Cette édition est probablement encore une fois introuvable dans le commerce (Corvina, Budapest, 1986 ; et Paris, Souffles, 1988*). Heureusement ce ne sont pas les traductions récentes ou ré-éditions d’autres œuvres de cet écrivain très prolifique qui manquent, et elles doivent être très facile à trouver en librairie. En voici quelques titres : N.N. (La Baconnière, 2013), L’Affaire Eszter Solymosi (Albin Michel, 2013), Le coq de madame Cléophas (Circé, 2013), Les beaux jours de la rue de la Main-d’or (Cambourakis, 2008), et Héliotrope (L’Harmattan, 2004).
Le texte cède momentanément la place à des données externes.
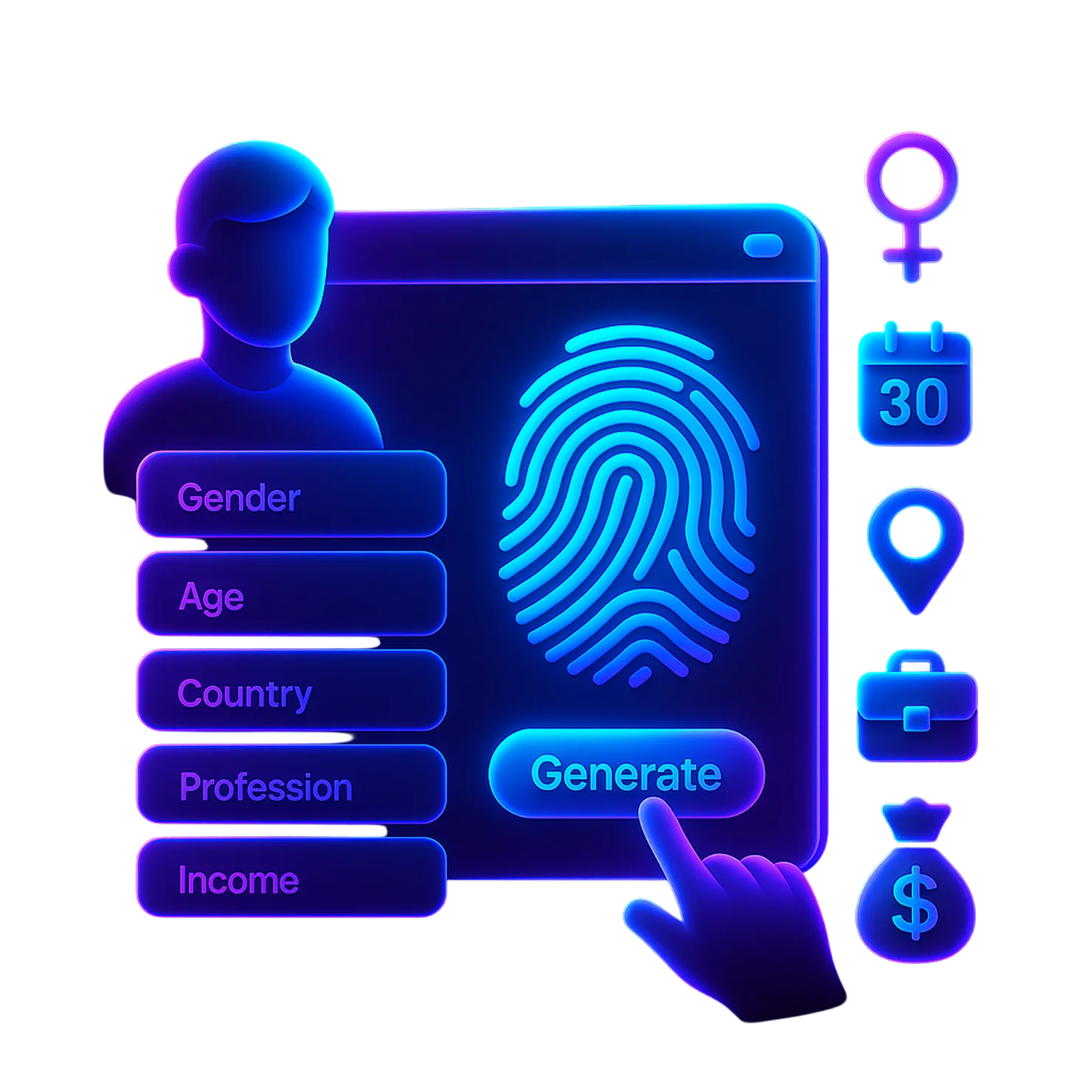 Используя искусственный интеллект, вы можете самостоятельно создать фингерпринт на основе реальной личности из нашей внутренней базы данных, задав необходимые параметры, такие как пол, возраст, страна, профессия и уровень дохода. Всё это формирует взаимосвязанный правдоподобный цифровой образ, которому доверяют платформы и антифрод-системы.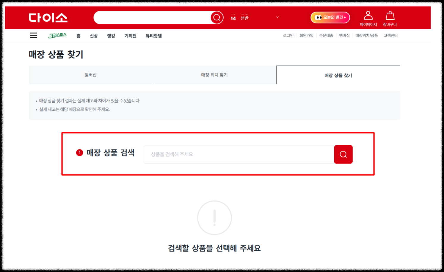 ● 다이소몰 홈페이지 매장 상품 찾기에서 매장 상품 검색란에 원하는 상품을 입력하고 돋보기를 클릭합니다.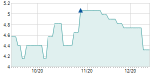 -0.80 / -4.91%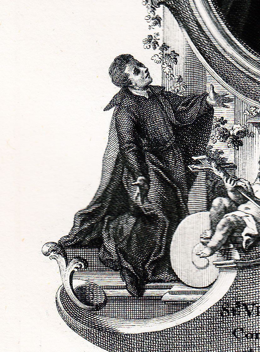 About 1730, Spain Engraved in Barcelona No hat, skullcap, shoes, tonsure evident Tied cincture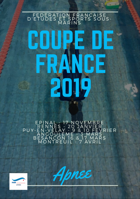 Cette année encore, Montreuil se porte organisateur de la manche parisienne de la Coupe de France. Pour la 6ème année consécutive, nous vous donnerons rendez-vous le dimanche 7 Avril 2019 pour une journée intense d'apnée et de bonne ambiance.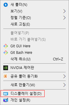 바탕화면에서의 우클릭을 눌러 "디스플레이 설정" 버튼을 누른다.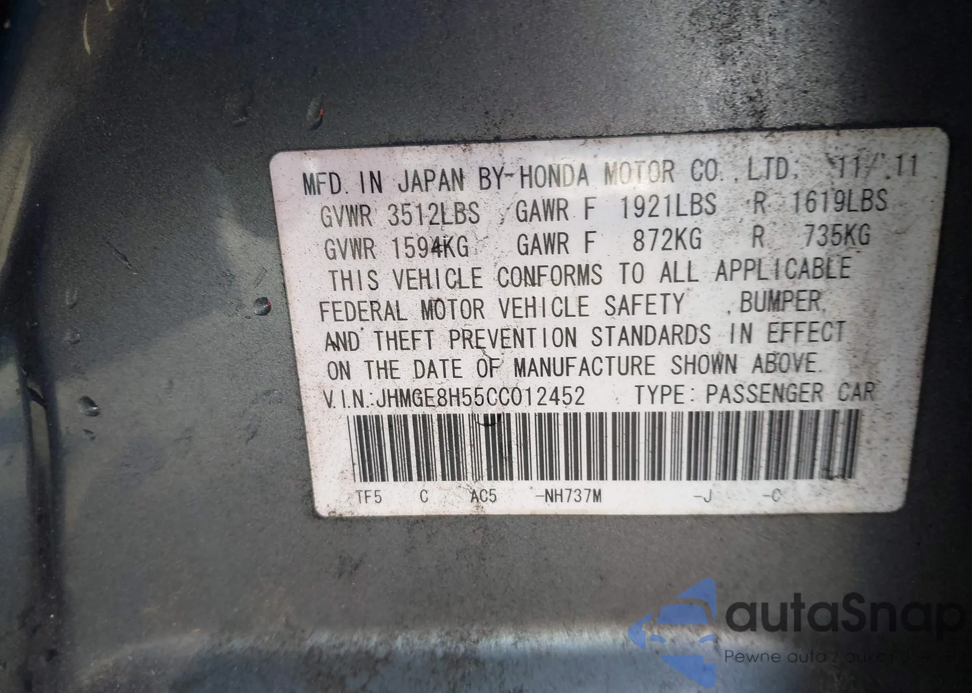 • VIN JHMGE8H55CC012452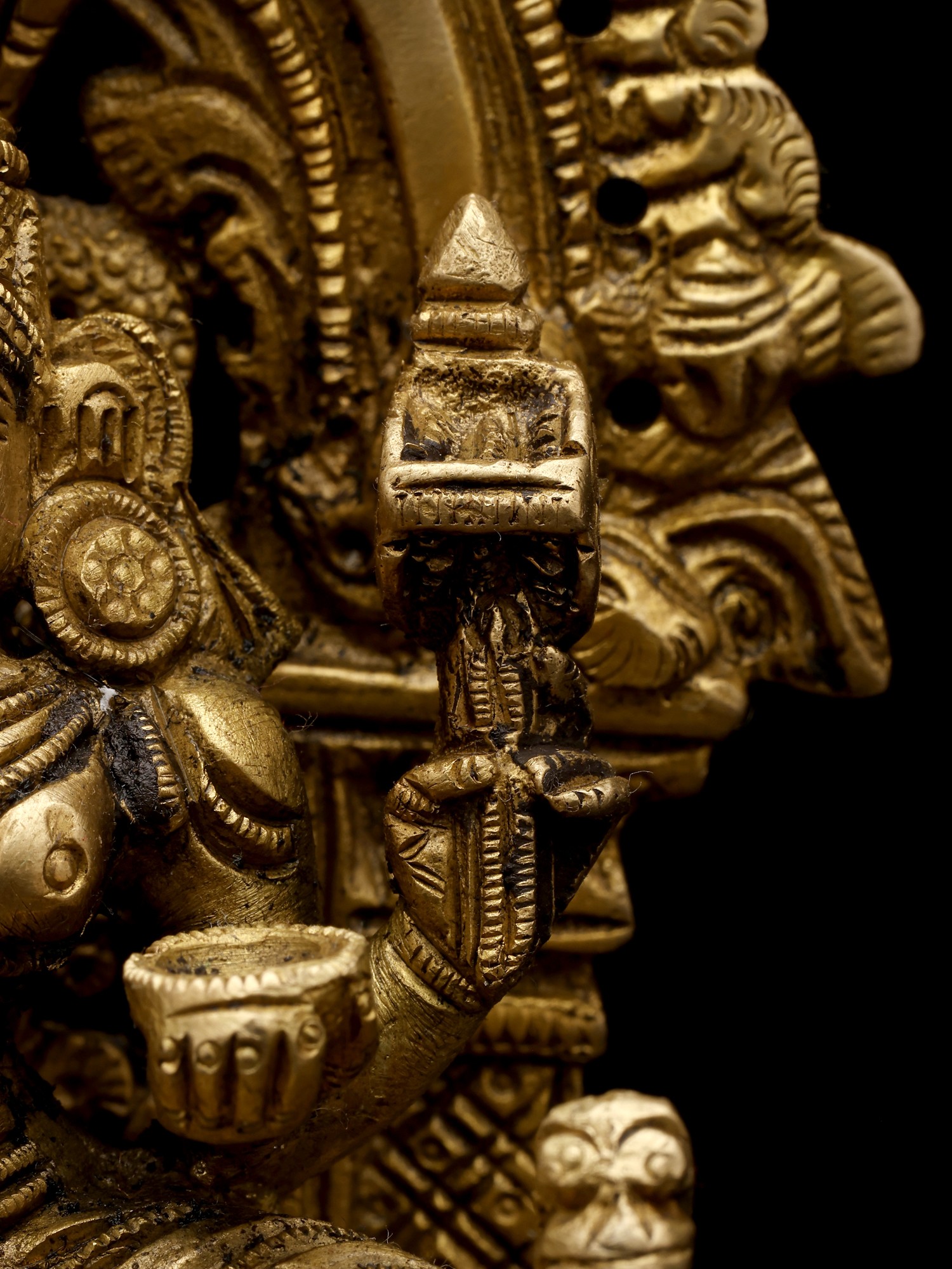 The choice of brass as the material for this statue is no accident. Brass has always held a sacred place in Hindu traditions. It is considered a pure and auspicious metal, believed to enhance the spiritual energy of the deity it represents. The warm, golden hue of the brass lends a radiant glow to Mariamman's form, further emphasizing her divine nature. In her hands, the Goddess carries powerful symbols – perhaps a trident symbolizing her shakti or divine energy, and a pot signifying abundance and prosperity. This meticulously crafted brass statue makes a beautiful addition to your home or sacred space. Its presence serves as a constant reminder of the protective and nurturing qualities of Mariamman, the Divine Mother.

* on me signale qu’on peut trouver l’édition française de Pirouette (Éditions Souffles, Collection Europe Centrale) dans de nombreuses bibliothèques en France.

Krudy

Né en 1878 dans le nord-est de la Hongrie, Gyula Krúdy contribue à des journaux de sa région et de Nagyvárad (Transylvanie) avant de partir pour Budapest en 1896. Là, il est journaliste et écrivain, remportant très tôt un succès qui se confirme au début des années 1910 avec l’élaboration de son propre style. La fin de la décennie est cependant marquée par une période d’isolation, voire même de mise au ban, après la chute de la première république de Mihály Király et du régime communiste de Béla Kun en faveur desquels Krúdy s’était prononcé (le régime de Béla Kun est suivi par celui très conservateur de l’admiral Horthy, qui durera jusqu’en 1944). Il redevient un auteur accepté dans les années 1920 et obtient le prix Baumgarten en 1930, mais peine à retrouver le succès populaire. Miné par des soucis de santé et financiers, il décède en 1933 et est un peu oublié par ses compatriotes jusqu’à ce que la publication en 1940 du Szindbád hazamegy (« Szindbád rentre chez lui ») de Sándor Márai entraîne une redécouverte de son œuvre.

Gyula Krúdy, Pirouette (Bukfenc, 1917). Trad. du hongrois par François Gachot. Corvina, 1986.